SEO – Search Engine Optimisation is the process of optimising your website’s online presence in such a way which achieves the positions you want in a search engine, which typically means google as the rest of the search engines are so underused by comparison.

Google provides search engine rankings by forming a judgement about how valuable a website is and how relevant their content is to the searcher’s query. They form this judgement based upon an algorithm which takes into account a variety of internal and external factors, or signals. These signals can essentially be broken down to three different categories, ones which impact; site usability / user experience, keyword relevancy, and site authority:

User experience is itself made up of a number of factors. It takes into account the speed of your website, how easy it is to navigate, how well it can respond to user requirements, just to name a few. Does your site use a lot of CPU power for its tasks? Is it hard to find the answers or products that your visitors are looking for? These are the questions that you should be asking yourself when having an honest look at your website’s successes and its failures. Analytics is key to understanding the answers to these questions, but we’ll get into that in a bit.

Keyword relevancy is a bit of an over simplified term for what is actually a pretty complicated matter. This also involves a number of different signals, such as keyword prevalence, density, uniqueness and hierarchy. In order to optimise your website’s content to fit this criteria, you need to understand what your targets are. Are you capable of competing for the most generic and competitive phrases in your niche, or are you going to have start off with a more targeted campaign with a less competitive phrase? You can’t just put keywords onto your website and hope that it works, you need to be producing content which includes these keywords which is otherwise of a high quality, and successfully answers google’s users’ queries – this is an issue that you need to be cognizant of when coming up with a strategy.

Site authority is what actually determines your ability to compete based upon the rest of the criteria. The authority your website has is based upon a number of external signals, by which I mean signals which are external to what is displayed on your website. This includes links and citations going back to your website, reviews about your business and products online, and social media accounts.

Google doesn’t just play this like a numbers game, it looks and judges the quality of these signals in exactly the same way as it forms a judgement about your website. For instance, if your website manages to get a link to it from another high authority website, such as the website of a government organisation, wikipedia, or big online newspapers, then that goes a long way towards showing your website has some authority in the sector, and probably more so than even having ten thousand links from low quality sources. It also judges how relevant your links are. For instance, if your website is selling garden furniture, having a link on a website which is about car mechanics, even on a relatively high authority website, won’t deliver your website much value.

SEO Penalisation

In addition to these three areas, you also have the pitfalls of SEO; the penalisations. Google, in order to promote site quality and combat internet spam, has implemented a number of “codes of conduct”. These are in place to convince websites to avoid trying to gain an advantage through illegitimate means, or at the very least through means which offer no value to the internet environment, and if you don’t observe these codes then you get penalised and your rankings drop. There are a number of algorithms which threaten penalisation if you meet the criteria, but the two main ones are:

  • Penguin
  • Panda

Penguin is a search engine algorithm which looks at the backlink profiles of websites. It judges these links in order to determine if they’ve formed naturally or if you’ve gone out of your way to generate them with the intent of manipulating your website’s rankings. This is a big grey area within the SEO world, and it remains unclear to this day when it is and isn’t okay to build and develop your backlink profile. It has successfully changed the way in which businesses build links though, and the demands people have made for relevancy has increased massively since 5 years ago.

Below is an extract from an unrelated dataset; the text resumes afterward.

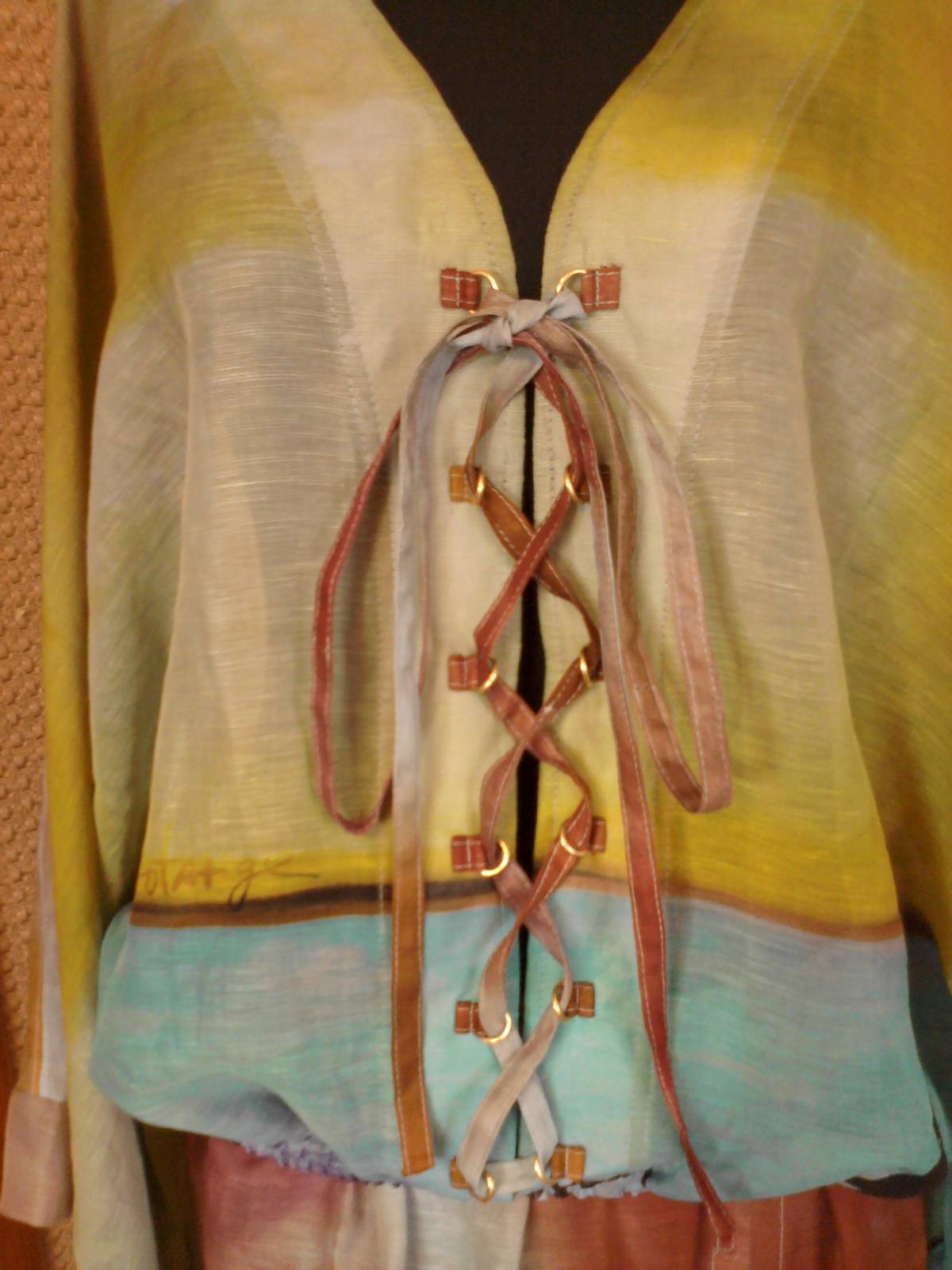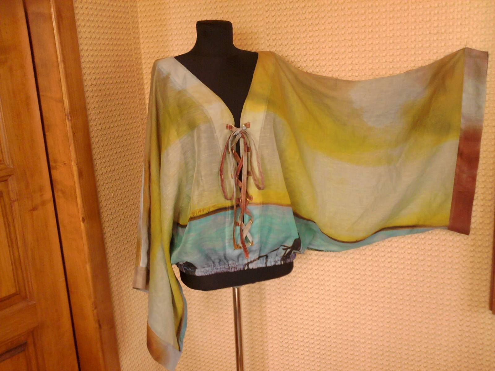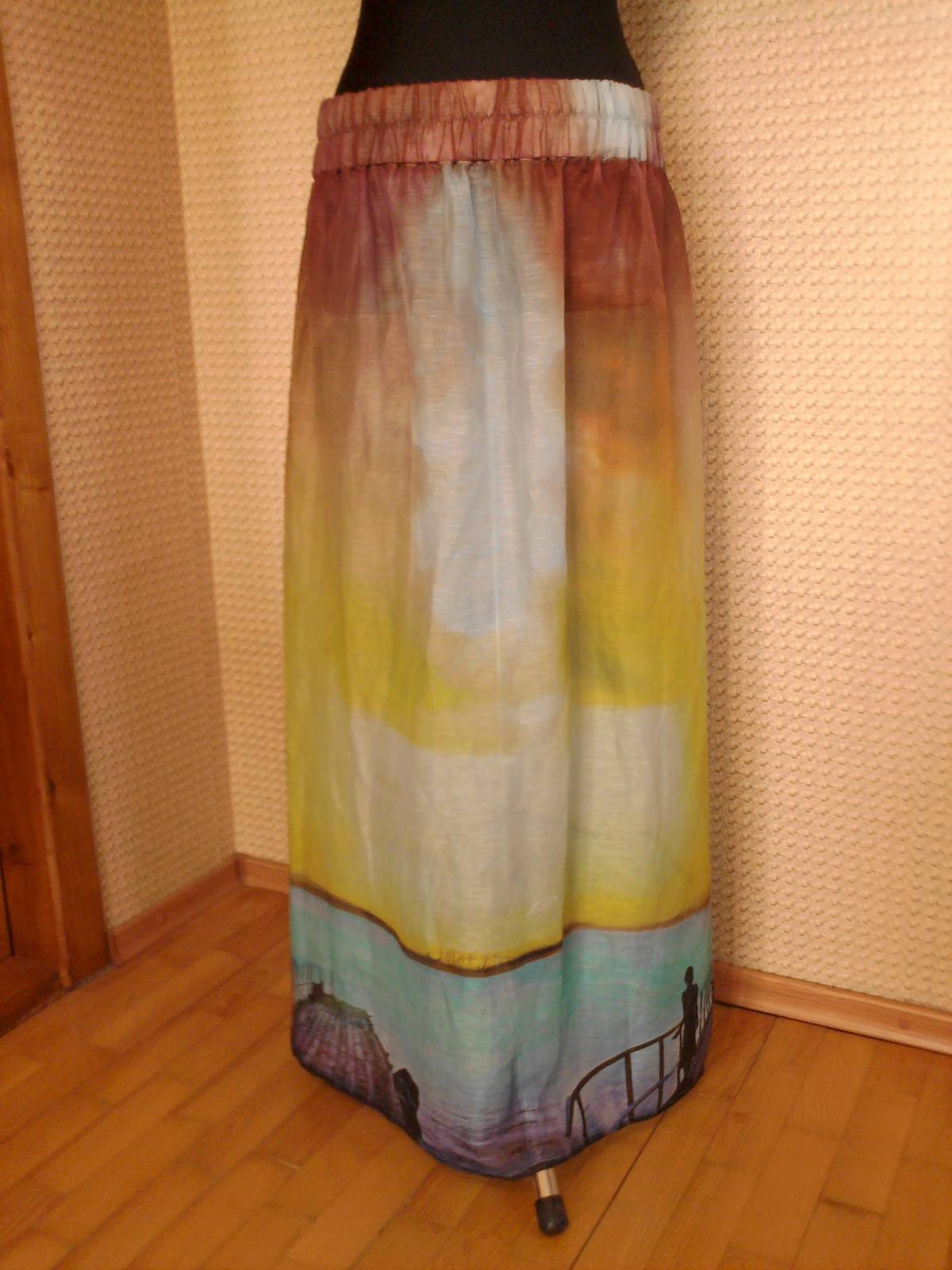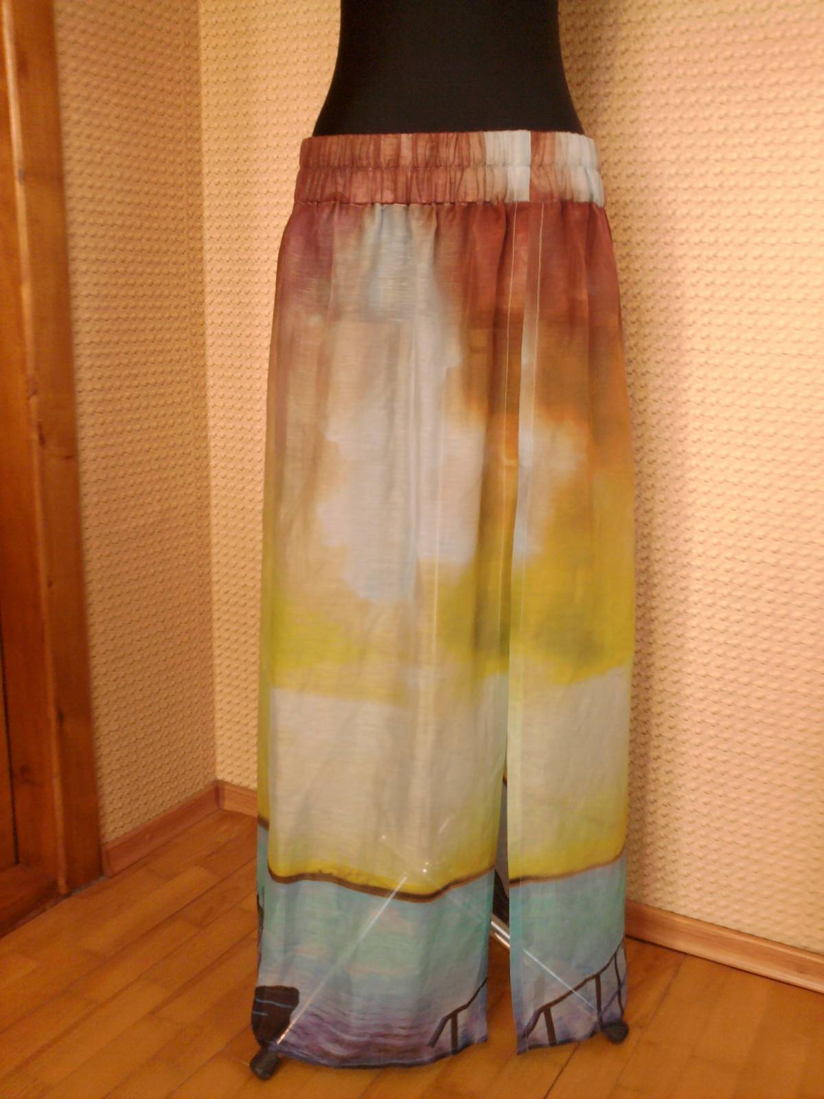 Костюм пляжный. Ткань: лен. Силуэт свободный, рукава Т - образные. Юбка прямая с разрезом.

Panda is a search engine algorithm which looks at and judges the content of a website for quality. What it tries to do is determine if the content that you’ve produced was done so just to positively impact your search rankings, without it serving a purpose for your visitors. It forms this judgement based upon how much of your content is repeated and without substance. It has to an extent fulfilled its intended purpose, by causing people and businesses to be far more purposeful about their content and improve it where possible.

SEO Tools

SEO’s collect information through tools and implement changes through tools too. This has developed over time as the world of SEO has evolved, to the point where SEO only functions based on the tools it has at its disposal. The most important one is perhaps Google Analytics, which allows you to analyse a lot of information about your visitors, such as how many people have visited your website, how long they stayed, how many pages they viewed, how many left the site without visiting another page, and how many came back for a second visit. It can get a lot more complicated than that, but we’ll leave that for another time.

Google Analytics is the most widely used web tool for business and website management, and it is of gathering and collating a massive amount of data. It doesn’t tell you everything that you need though, and for everything else there is another tool in the toolbox. For instance, using tools which find and review your backlinks. These tools can analyse the data related to each website linking to you, and indicate how likely it is that that link will be damaging your website’s SEO. Majestic can do a lot of this stuff, and if you want to check your backlink profile this is a good place to start.

You also have tools which can check a large number of your website’s important areas. These are called site auditing tools, and they are typically what an SEO agency will use to provide you with your free SEO audit.

Besides everything just discussed, there are still a lot of pretty complicated parts to SEO, including quite a bit of very technical stuff, and implementing this is usually best left to experienced professionals.